---------- Data to use ----------
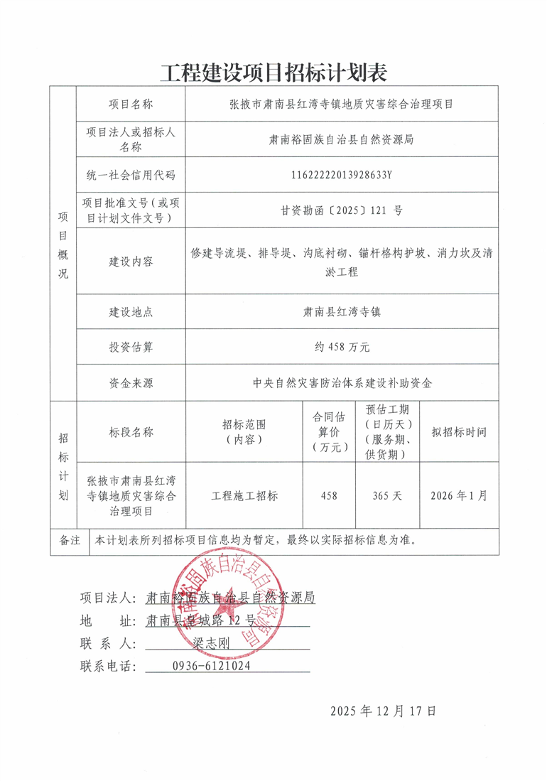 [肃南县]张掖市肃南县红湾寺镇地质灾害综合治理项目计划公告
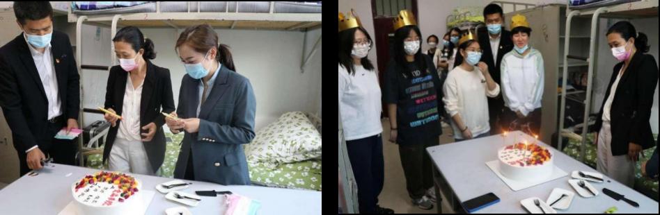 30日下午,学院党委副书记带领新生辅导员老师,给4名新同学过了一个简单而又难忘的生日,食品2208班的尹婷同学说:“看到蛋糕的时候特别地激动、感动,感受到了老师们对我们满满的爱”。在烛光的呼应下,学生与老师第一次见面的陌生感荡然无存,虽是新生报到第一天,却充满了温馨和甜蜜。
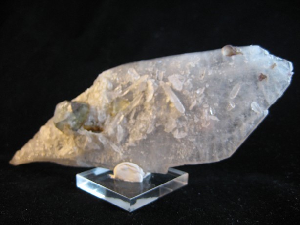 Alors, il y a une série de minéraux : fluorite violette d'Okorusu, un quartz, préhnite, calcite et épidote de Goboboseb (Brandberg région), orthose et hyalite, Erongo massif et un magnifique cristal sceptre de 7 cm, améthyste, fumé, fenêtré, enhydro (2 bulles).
----------
---------- Data to use ----------
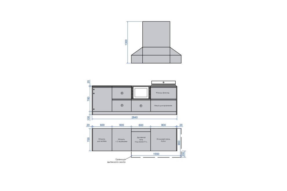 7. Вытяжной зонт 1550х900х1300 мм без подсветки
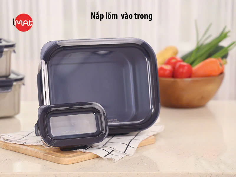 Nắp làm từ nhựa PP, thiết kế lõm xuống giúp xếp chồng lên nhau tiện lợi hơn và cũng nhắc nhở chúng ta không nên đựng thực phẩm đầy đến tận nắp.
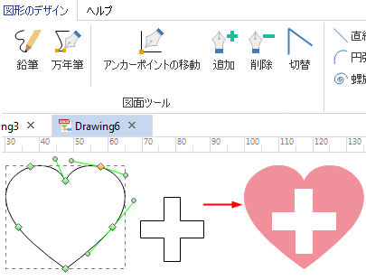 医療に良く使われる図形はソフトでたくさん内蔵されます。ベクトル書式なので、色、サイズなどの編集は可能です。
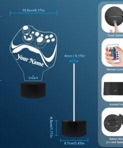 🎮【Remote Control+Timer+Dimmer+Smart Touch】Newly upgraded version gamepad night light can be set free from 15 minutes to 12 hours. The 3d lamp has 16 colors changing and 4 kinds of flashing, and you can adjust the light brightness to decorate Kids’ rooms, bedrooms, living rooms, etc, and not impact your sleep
----------
▶ [Exercise requirements]:
Copy word for word the lines of the records above from the one with "Nắp làm từ nhựa" up to and including the one with "impact your sleep". Skip the pictures.

▶ [Output of the exercise]:
 Nắp làm từ nhựa PP, thiết kế lõm xuống giúp xếp chồng lên nhau tiện lợi hơn và cũng nhắc nhở chúng ta không nên đựng thực phẩm đầy đến tận nắp.
 医療に良く使われる図形はソフトでたくさん内蔵されます。ベクトル書式なので、色、サイズなどの編集は可能です。
 🎮【Remote Control+Timer+Dimmer+Smart Touch】Newly upgraded version gamepad night light can be set free from 15 minutes to 12 hours. The 3d lamp has 16 colors changing and 4 kinds of flashing, and you can adjust the light brightness to decorate Kids’ rooms, bedrooms, living rooms, etc, and not impact your sleep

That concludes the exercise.